- Directed by: Roy Ward Baker
- Screenplay by: Nigel Balchin
- Based on: The Singer Not the Song by Audrey Erskine Lindop
- Produced by: Roy Ward Baker
- Starring: Dirk Bogarde John Mills Mylène Demongeot
- Cinematography: Otto Heller
- Edited by: Roger Cherrill
- Music by: Philip Green
- Production company: Rank Organisation
- Distributed by: Rank Film Distributors
- Release date: 5 January 1961;
- Running time: 132 minutes
- Country: United Kingdom
- Language: English
- Budget: £350,000

= The Singer Not the Song =

1961 British film by Roy Ward Baker

The Singer Not the Song is a 1961 British Western film directed by Roy Ward Baker and starring Dirk Bogarde, John Mills, and Mylène Demongeot. It was written by Nigel Balchin based on the 1953 novel of the same title by Audrey Erskine Lindop.

The film became a notorious flop for the Rank Organisation. Bogarde called the film "a travesty of what it should have been" while Roy Baker said "I hated it, it broke my heart. It put me completely out of kilter for years afterwards, it was a disaster. I’m told it’s a cult picture and quite probably in countries with large Catholic communities it has some special reference. I should never have made it." "That was one that went wrong," said John Mills.

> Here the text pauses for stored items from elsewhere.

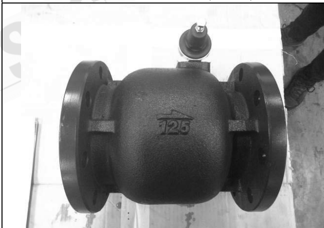
照片 E：測試樣品外觀 (DN125)BFR-125
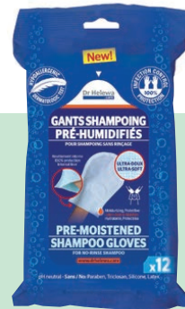
Washandje voor het haar: 12 stuks: bestelnummer: ICSHAMP12
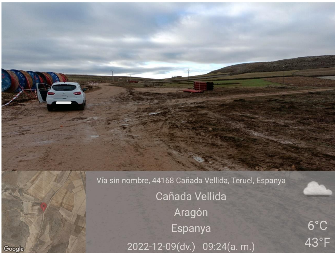
Ilustración 5. Afectación zonas de vegetación natural del hábitat de la alondra ricotí en la zona de trabajo de la línea eléctrica.
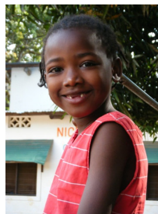
Caro in 2014
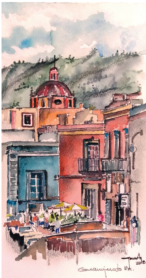
Figura 4 Paisaje del Pueblo Mágico de Dolores Hidalgo, Guanajuato. Autor: Arq. Gustavo García Balderas.

Como sociedad es vital revalorar cada lugar o sitio al que vamos de visita o por motivos de trabajo. En la medida en que se mantenga el Programa de Pueblos Mágicos y se aporten recursos a las localidades se podrán mejorar no solo los recursos de los lugareños, sino también el crecimiento sostenido derivado de diversos aspectos como ya se han anotado, sobre todo de la infraestructura del lugar como caminos, remozamientos, limpieza, reforestación
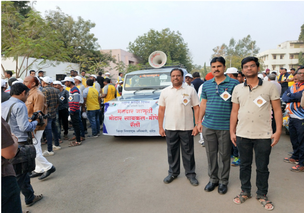
Voters awareness – Motorcycle rally 25/01/2019
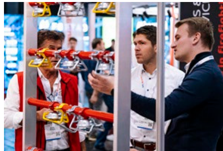
Auf den VdS-BrandSchutzTagen 2025 sind rund 180 Aussteller vertreten
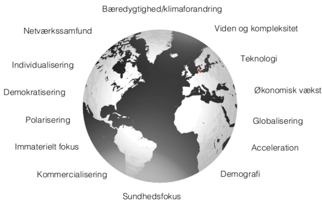
Figur 1, Globale Megatrends

Copenhagen Institute for Futures Studies Instituttet for Fremtidsforskning
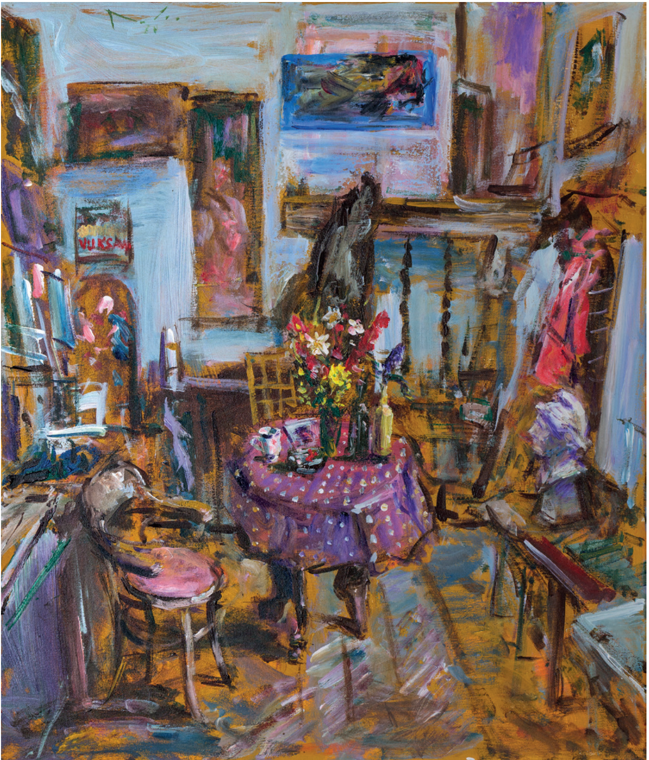
Interijer, 2020., akril na platnu, 80 × 60 cm
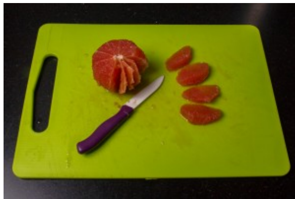
Prélevez les quartiers
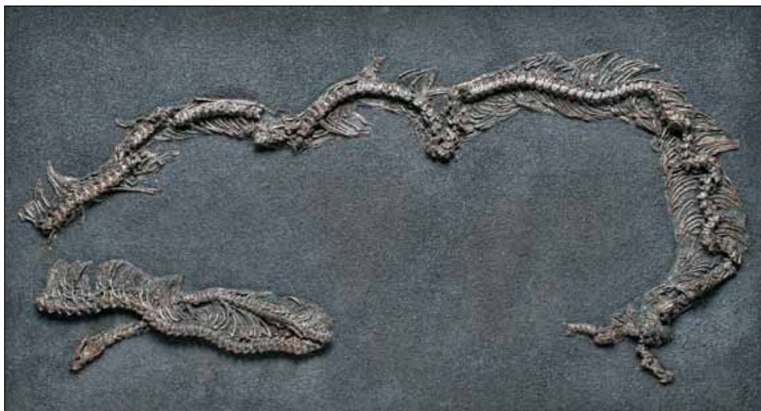
Abb. 3: Würgeschlange (ca. 2,50 m, 243 Wirbel und Kopf), Lackfilmpräparat aus der Geiseltalsammlung des ZNS.

Schleichen, Leguane und Baumeidechsen gefunden werden. Als weitere Besonderheiten der Fossilfunde im Geiseltal gelten der geologisch älteste Beleg von Straußenvögeln ( Palaeotis ) und der ca. 1,80 Meter große Riesenlaufvogel Diatryma ( Gastornis ). Bei den Säugetieren konnten 14 Arten von Paarhufern, wie das ferkelgroße Anphiragatherium , bei den Tapir- und Pferdeartigen Lophiodon , das größte Säugetier im Geiseltal und außerdem schäferhundgroße Urpferde geborgen werden. Das vollständig erhaltene Skelett von Propalaeotherium isselanum ist zugleich das Wappentier der Sammlung. Von diesem existiert bereits eine dreidimensionale Skelettrekonstruktion in natürlicher Größe. Knochenfunde eines Ameisenbären sind ebenso bemerkenswert wie die Erhaltung von grünem Blattfarbstoff bei den Pflanzenfossilien.
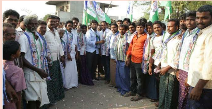
వైయస్ఆర్ సీపీలో చేరిన టీడీపీ నాయకులు
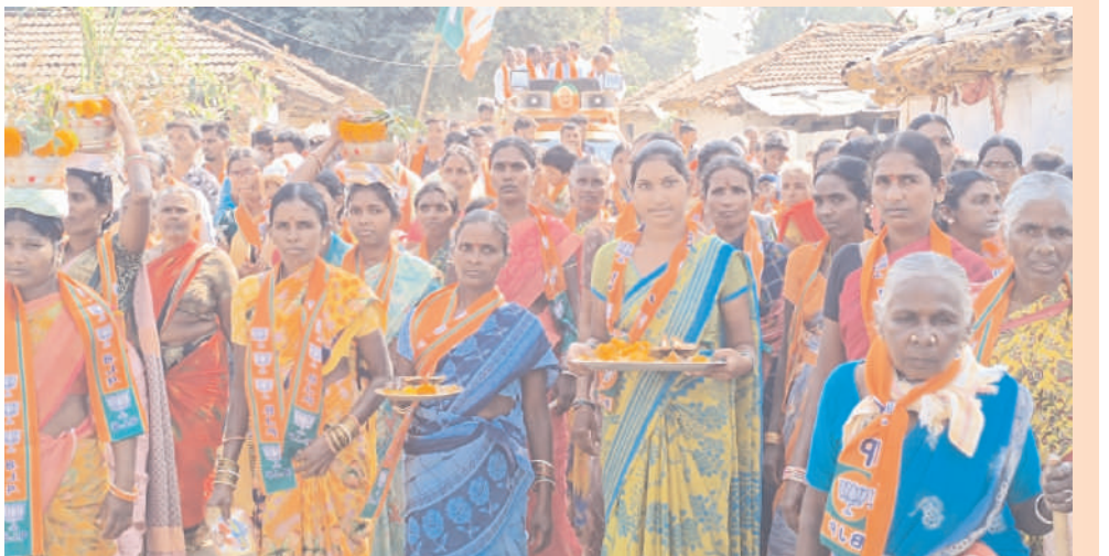
తెలిపారు. నిరుద్యోగులతోపాటు పేద ప్రజల సమస్యలపై అసెంబ్లీలో గళం విప్పిన
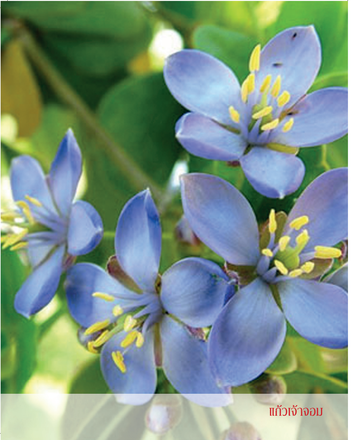
แก้วเจ้าจอม
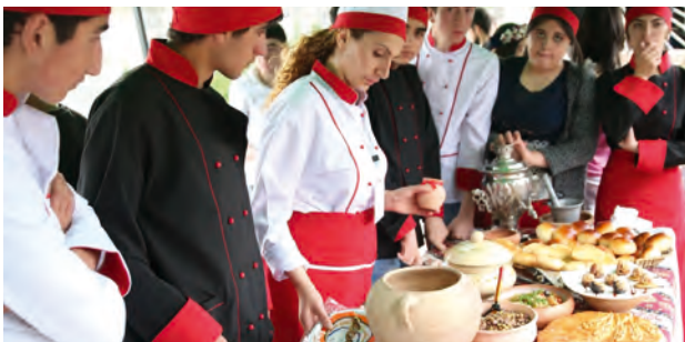
«Համով-հոտով Երևան» փառատոն
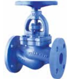
T-0110 | Gusseisen

DN 15 .. 200 | PN 16 DN 250 - 300 | PN 10 Geflanscht Scheibe: AISI 420 SS (DN 15 .. 100) ST37 + Edelstahl (DN 125 .. 300)
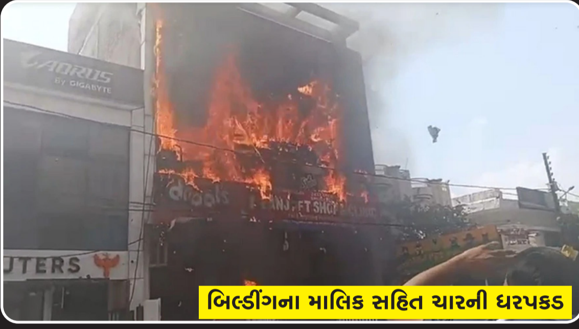
બિલ્ડિંગના માલિક સહિત ચારની ધરપકડ

નવી દિલ્હી, તા.૨૨ ઉત્તર પ્રદેશની રાજધાની લાખનઉમાંથી એક અત્યંત હૃદયદ્રાવક અને ગમખવાર દુર્ઘટનાના સમાચાર સામે આવ્યા છે. લાખનઉના અલીગંજ વિસ્તારમાં પુરનિયા ચોરાહા પાસે આવેલી એક બહુમાળી ઈમારતમાં આજે અચાનક ભીષણ આગ ફાટી નીકળી હતી. આ ભયાનક દુર્ઘટનામાં અત્યાર સુધીમાં ૧૮ લોકોએ પોતાના જીવ ગુમાવ્યા હોવાની સત્તાવાર પુષ્ટિ થઈ ચૂકી છે. મૃત્યુ પામનાર મોટાભાગના યુવાનો ૨૦ થી ૨૪ વર્ષની નાની વયના હોવાનું જાણવા મળ્યું છે, જેના કારણે મૃતકોના પરિવારો પર આભ તૂટી પડ્યું છે. શરૂઆતની માહિતીમાં આ અકસ્માત કોચિંગ સેન્ટર અથવા લાઈબ્રેરીમાં થયો હોવાનું કહેવાતું હતું. પરંતુ, બાદમાં વરિષ્ઠ પોલીસ અધિકારીઓએ સ્પષ્ટતા કરી છે કે આ ઈમારતમાં મોટા ભાગના કોચિંગ ક્લાસ અને એક ગેમિંગ ઝોન કાર્યરત હતા.
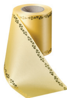
Art.-Nr.: 06738 Farbe: 017 mais
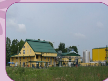
Otvorena Tvornica biodizela Europa Mill
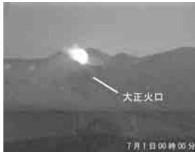
国土交通省北海道開発局 望岳台カメラ

火口周辺に影響を及ぼす噴火の兆候は認められませんが、大正火口や62・2火口付近には近づかないよう注意してください。十勝岳では2006年からみられている62・2火口直下浅部の膨張を示す地殻変動は現在も続いていますので、火山活動の推移に注意してください。平成20年12月16日に噴火予報（噴火警戒レベル1、平常）を発表しました。その後、予報警報事項に変更はありません。

The film failed at the box office, but has since developed a cult following due to its camp homosexual context and over-the-top performance by Bogarde in black leather trousers.

==Plot==
A priest, Father Michael Keogh, is sent by Rome to Quantana, a remote Mexican town which is under the control of a ruthless bandit, Anacleto Comachi. Anacleto is educated and intelligent, and is "down" on the Church, but he finds in Keogh a man he strangely admires and with whom he can have intelligent conversation. However, he does not allow this to distract him from his goal: to expunge the priest from his fiefdom at any cost.

==Main cast==
- Dirk Bogarde as Anacleto Comachi
- John Mills as Father Michael Keogh
- Mylène Demongeot as Locha de Cortinez
- Laurence Naismith as Old Uncle
- John Bentley as Police Captain
- Leslie French as Father Gomez
- Eric Pohlmann as Presidente
- Nyall Florenz as Vito
- Roger Delgado as Pedro de Cortinez
- Philip Gilbert as Phil Brown
- Selma Vaz Dias as Chela
- Laurence Payne as Pablo
- Eileen Way as cigar-smoking woman
- Lee Montague as taxi-driver

==Production==
===Development===
Leo Genn bought the film rights to the novel in 1954 with a view to starring in it as the bandit. Film rights were then bought by Robert Bassier in 1955 who announced Alan Scott was writing the screenplay.

Then the rights were acquired by the Rank Organisation. That company was very impressed with the job director Ken Annakin did on Across the Bridge and signed a two picture deal with Annakin, of which the first was to be an adaptation of The Singer Not the Song. John Stafford would produce. In 1957 Annakin said "This is really a tremendous subject. I aim to make it more uncompromising and stark than Across the Bridge. It has good intellectual content yet the background is almost pure Western.”

Annakin wrote a script with Guy Elmes and claimed he wanted to cast Marlon Brando and Peter Finch in the leads. However he was unable to get in touch with Brando, so John Davis, the head of Rank, suggested Annakin instead use Dirk Bogarde, who was under contract to the studio. Annakin felt Bogarde would be miscast. Stafford suggested that he and Annakin make the second film under the two-picture contract with Rank - which became Nor the Moon by Night - to give them time to secure the services of Brando.

In October 1958 Rank declared it had decided to postpone filming of the movie, along with two other projects that had been announced Precious Bane (which would never be made) and The 39 Steps (made not long afterwards).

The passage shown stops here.